[Data excerpts]

=== Section Start ===

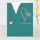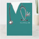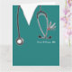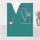 Cartão de graduação de uma escola médica criativa com esfregões hospitalares com uma faca suíça no bolso. Para personalizar, edite texto para adicionar o nome do médico.
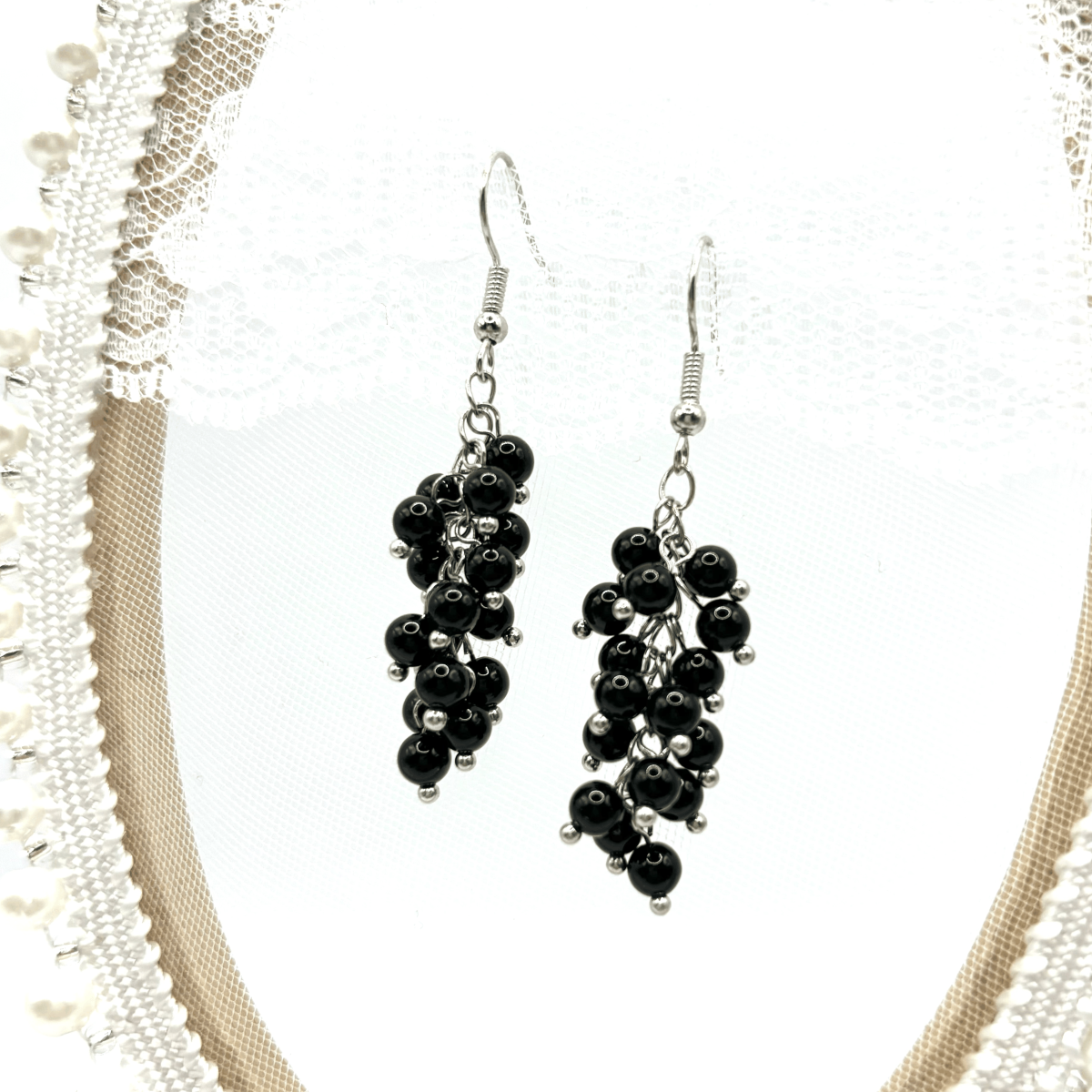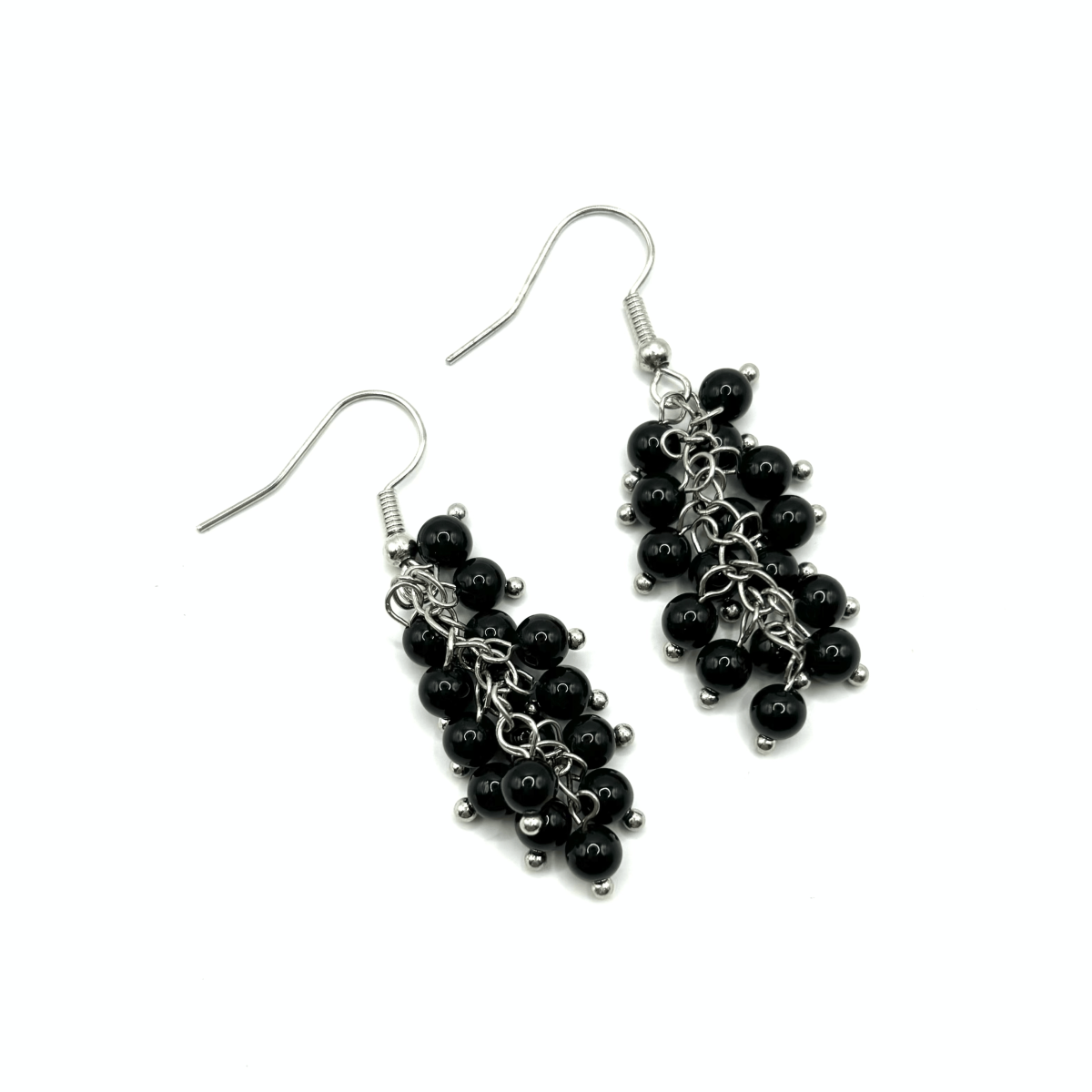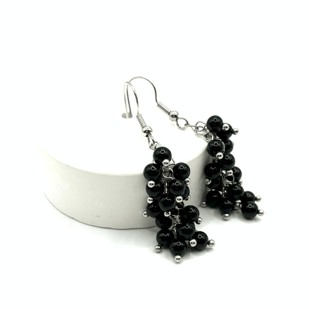 Серьги «Виноград» с натуральным чёрным агатом создают элегантный контраст: глубокий тёмный камень подчёркивает блеск металла и добавляет образу собранности. Лаконичная вертикальная форма делает серьги универсальными — от офиса до вечернего выхода. Высококачественный бижутерный сплав обеспечивает долговечность. Замок-петля удобен, не давит и хорошо держит серьги.
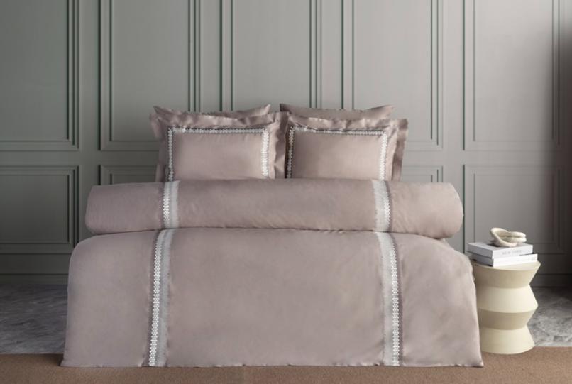 Постельное бельё "DANTELA VITA" сатин с вышивкой MONTANA (серо-коричневый), Евро
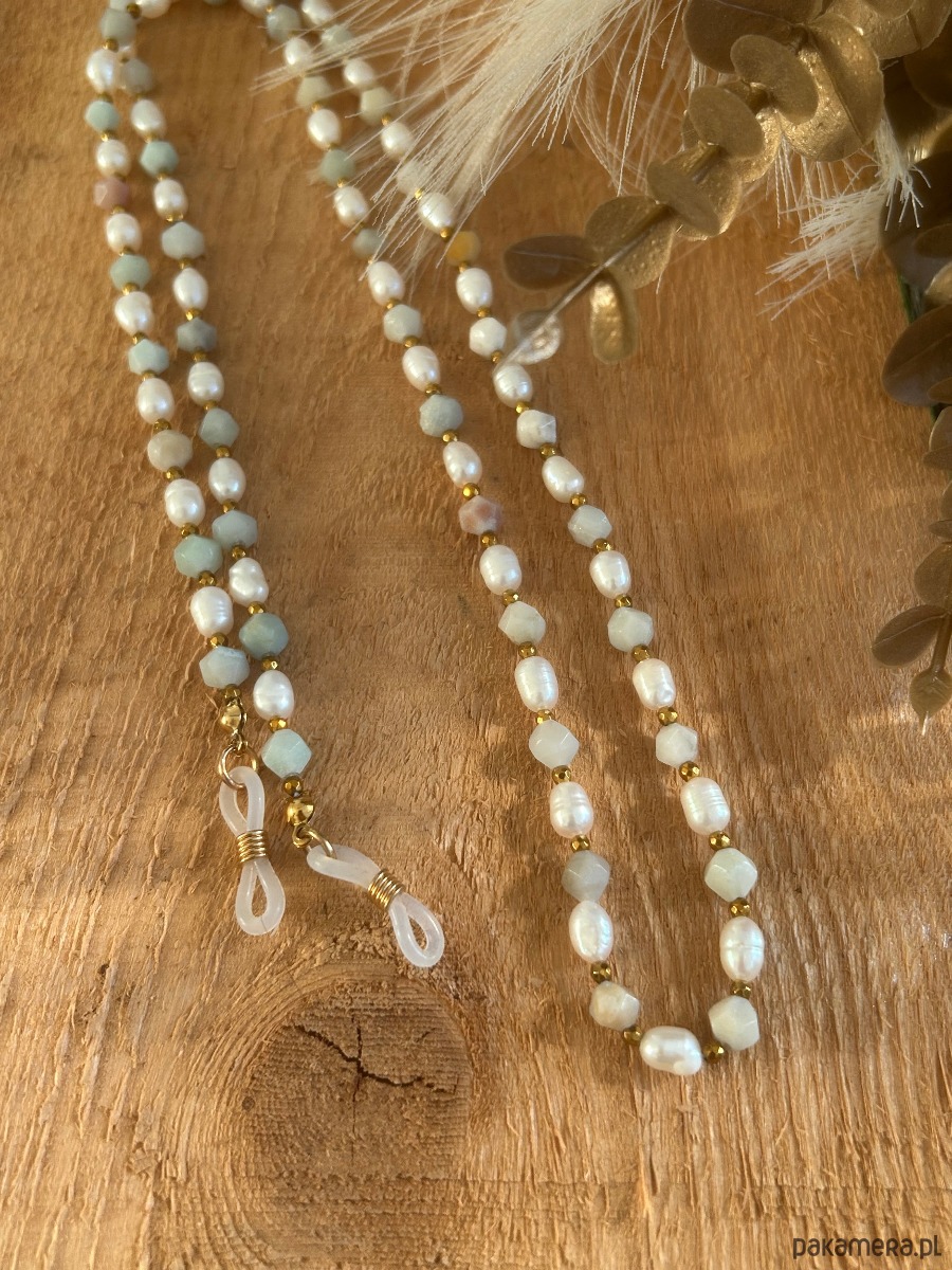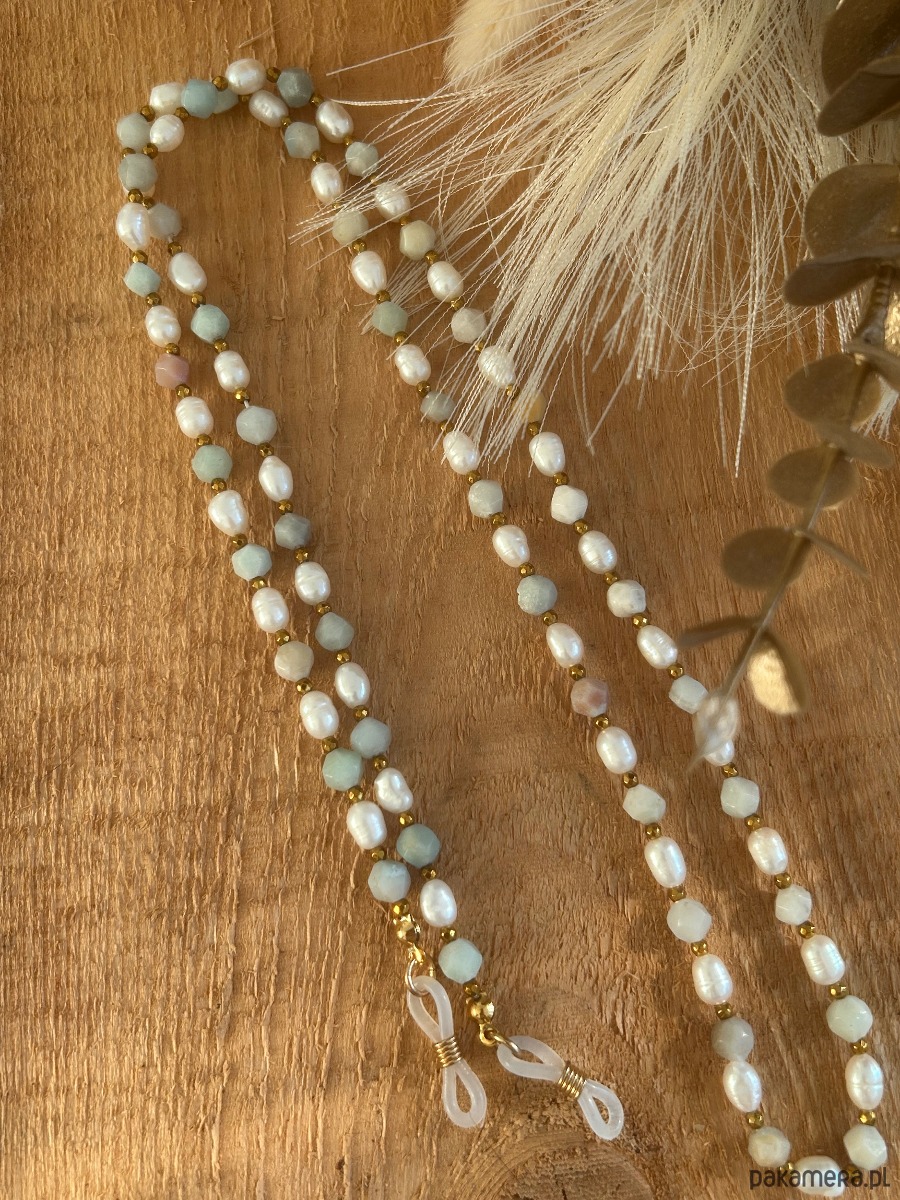 Łańcuszek do okularów z kamieniami i perłami hodowlanymi
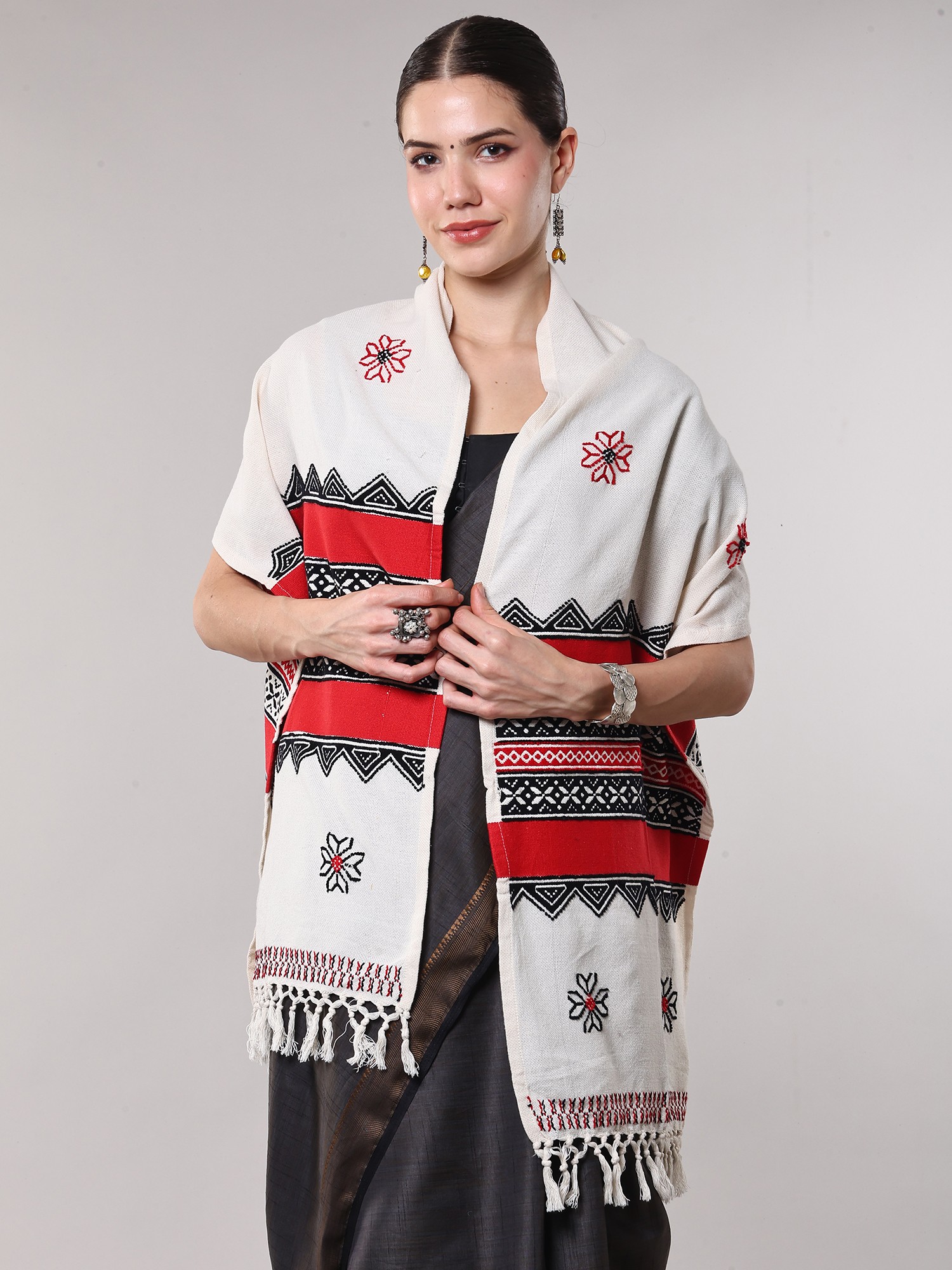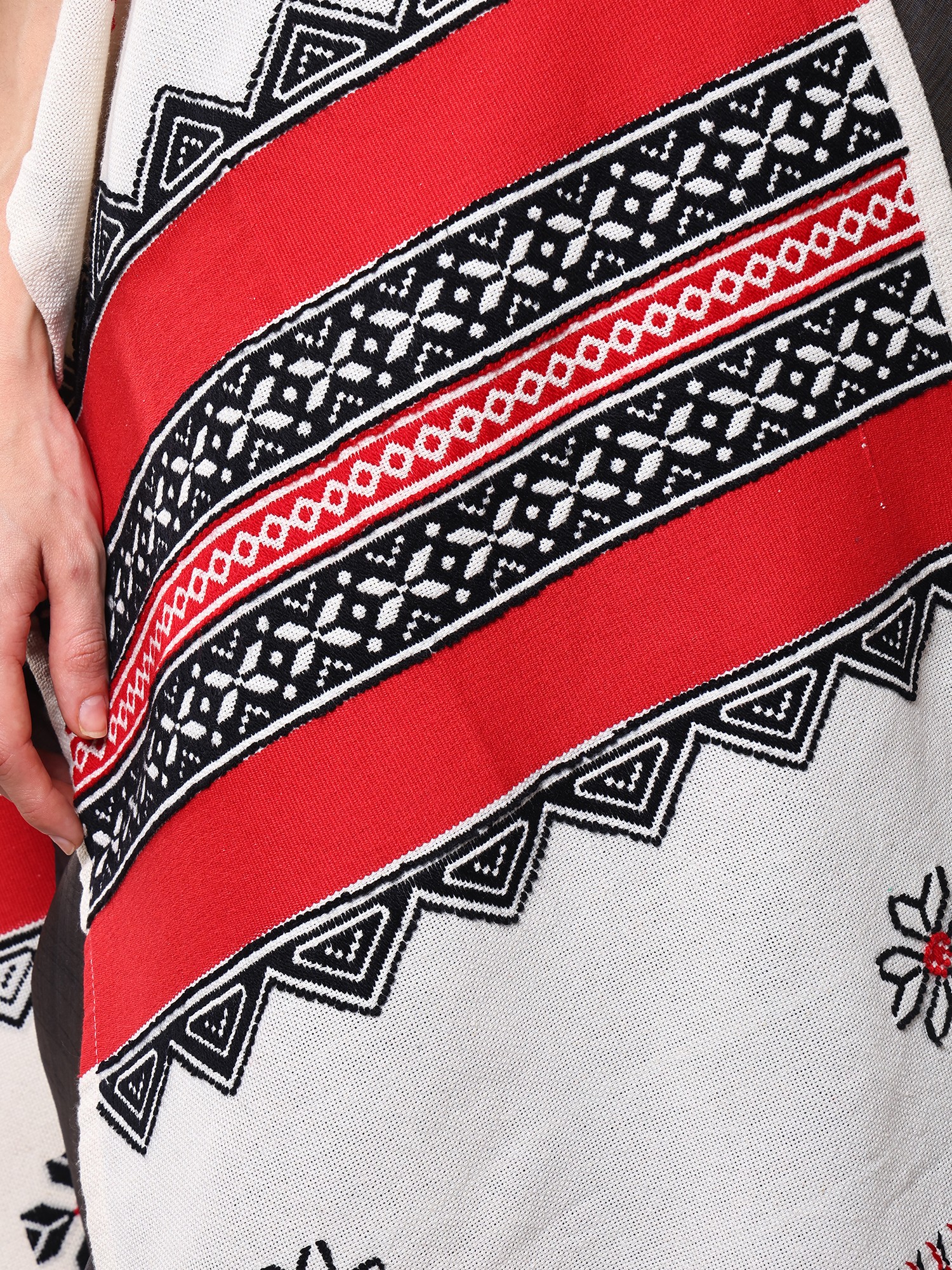 The beauty of this scarf lies in its detailed hand embroidery. Bold bands of rich red are interspersed with geometric patterns in black and white, creating a visually captivating design. At the heart of the scarf, you'll find the distinctive Toda motifs – stylized representations that hold deep meaning within their culture. These motifs, often inspired by nature and the community's way of life, are rendered with precision and care, showcasing the skill of the artisans. The delicate fringe at each end adds a final touch of traditional charm, swaying gently with your movement.

=== Section End ===

**WORK ORDER:** Leaving each picture behind, please give again exactly the lines above from the one with "хорошо держит серьги." through the one with "Łańcuszek do okularów", both included, and no others.

**RESPONSE BOX:**
 Серьги «Виноград» с натуральным чёрным агатом создают элегантный контраст: глубокий тёмный камень подчёркивает блеск металла и добавляет образу собранности. Лаконичная вертикальная форма делает серьги универсальными — от офиса до вечернего выхода. Высококачественный бижутерный сплав обеспечивает долговечность. Замок-петля удобен, не давит и хорошо держит серьги.
 Постельное бельё "DANTELA VITA" сатин с вышивкой MONTANA (серо-коричневый), Евро
 Łańcuszek do okularów z kamieniami i perłami hodowlanymi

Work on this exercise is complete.